[Start of Attachment]

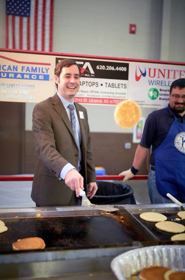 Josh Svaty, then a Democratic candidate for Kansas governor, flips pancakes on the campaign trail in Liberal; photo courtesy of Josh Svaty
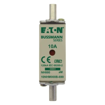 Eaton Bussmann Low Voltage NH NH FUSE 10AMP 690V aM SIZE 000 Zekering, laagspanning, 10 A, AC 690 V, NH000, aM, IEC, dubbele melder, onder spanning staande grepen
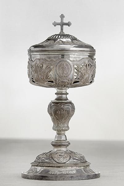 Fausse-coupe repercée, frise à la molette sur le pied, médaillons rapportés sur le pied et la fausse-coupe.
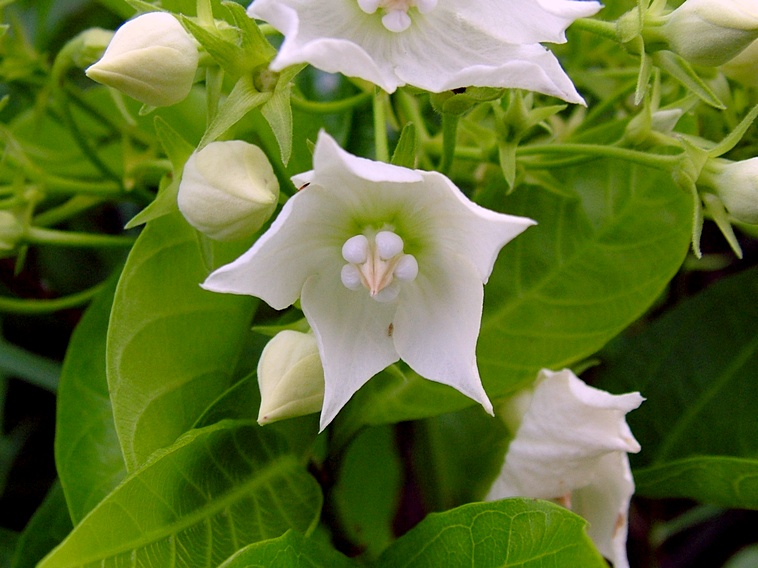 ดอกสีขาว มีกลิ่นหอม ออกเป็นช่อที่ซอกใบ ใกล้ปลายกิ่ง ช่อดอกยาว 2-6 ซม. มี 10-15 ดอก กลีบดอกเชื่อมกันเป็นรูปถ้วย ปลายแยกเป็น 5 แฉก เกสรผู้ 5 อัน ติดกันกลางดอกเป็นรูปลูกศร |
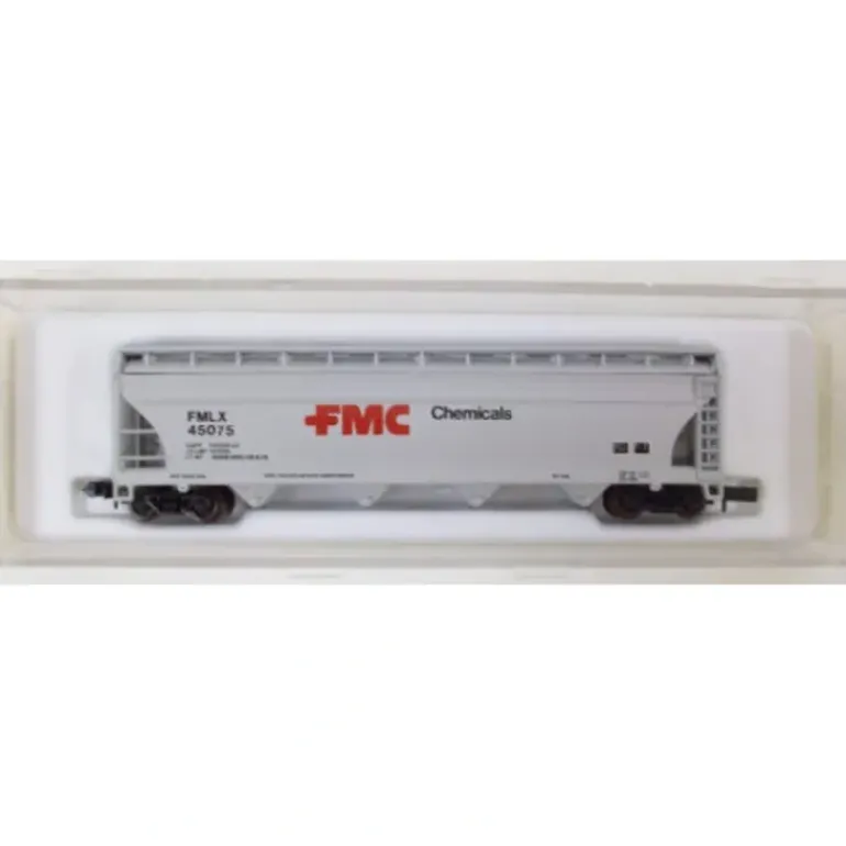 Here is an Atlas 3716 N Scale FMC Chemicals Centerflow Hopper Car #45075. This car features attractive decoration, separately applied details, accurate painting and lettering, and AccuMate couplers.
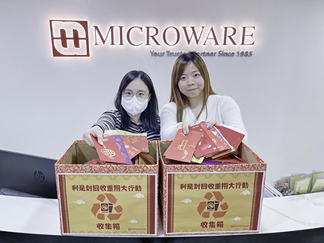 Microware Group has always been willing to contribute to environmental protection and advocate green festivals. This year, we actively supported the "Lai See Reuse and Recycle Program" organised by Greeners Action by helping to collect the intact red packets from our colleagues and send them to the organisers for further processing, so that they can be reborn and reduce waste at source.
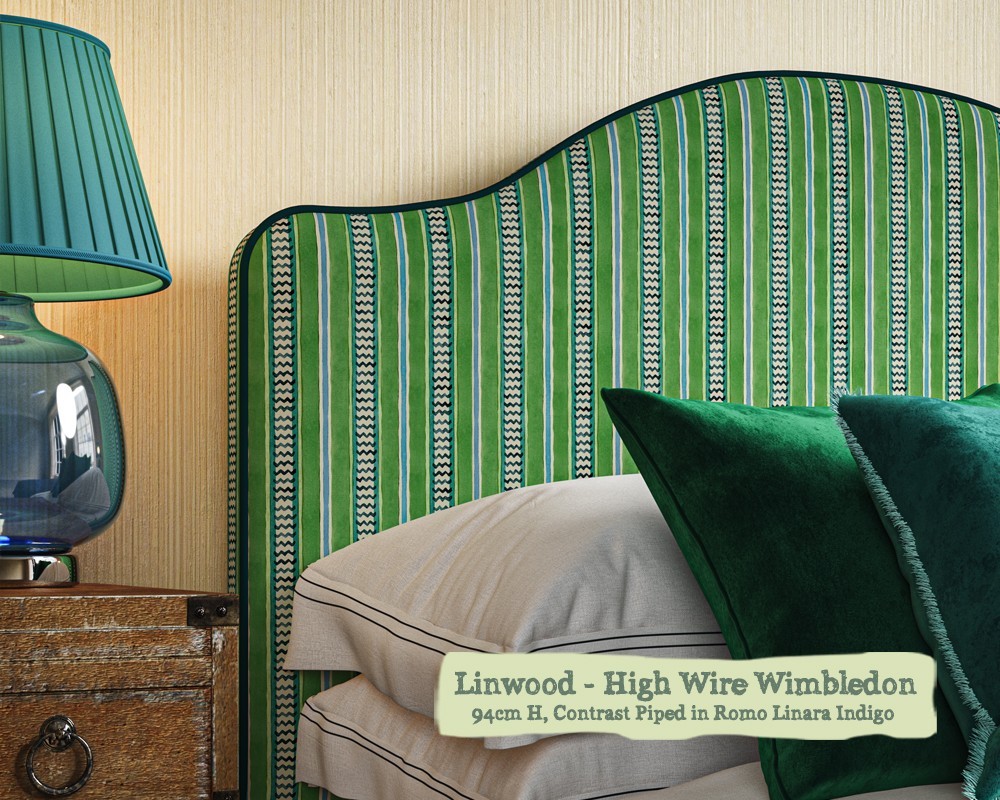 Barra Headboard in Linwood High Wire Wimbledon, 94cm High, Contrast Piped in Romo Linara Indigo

[End of Attachment]

— Instructions for the task —
Copy each line of the material above exactly, but not the images.

— Worked solution —
 Josh Svaty, then a Democratic candidate for Kansas governor, flips pancakes on the campaign trail in Liberal; photo courtesy of Josh Svaty
 Eaton Bussmann Low Voltage NH NH FUSE 10AMP 690V aM SIZE 000 Zekering, laagspanning, 10 A, AC 690 V, NH000, aM, IEC, dubbele melder, onder spanning staande grepen
 Fausse-coupe repercée, frise à la molette sur le pied, médaillons rapportés sur le pied et la fausse-coupe.
 ดอกสีขาว มีกลิ่นหอม ออกเป็นช่อที่ซอกใบ ใกล้ปลายกิ่ง ช่อดอกยาว 2-6 ซม. มี 10-15 ดอก กลีบดอกเชื่อมกันเป็นรูปถ้วย ปลายแยกเป็น 5 แฉก เกสรผู้ 5 อัน ติดกันกลางดอกเป็นรูปลูกศร |
 Here is an Atlas 3716 N Scale FMC Chemicals Centerflow Hopper Car #45075. This car features attractive decoration, separately applied details, accurate painting and lettering, and AccuMate couplers.
 Microware Group has always been willing to contribute to environmental protection and advocate green festivals. This year, we actively supported the "Lai See Reuse and Recycle Program" organised by Greeners Action by helping to collect the intact red packets from our colleagues and send them to the organisers for further processing, so that they can be reborn and reduce waste at source.
 Barra Headboard in Linwood High Wire Wimbledon, 94cm High, Contrast Piped in Romo Linara Indigo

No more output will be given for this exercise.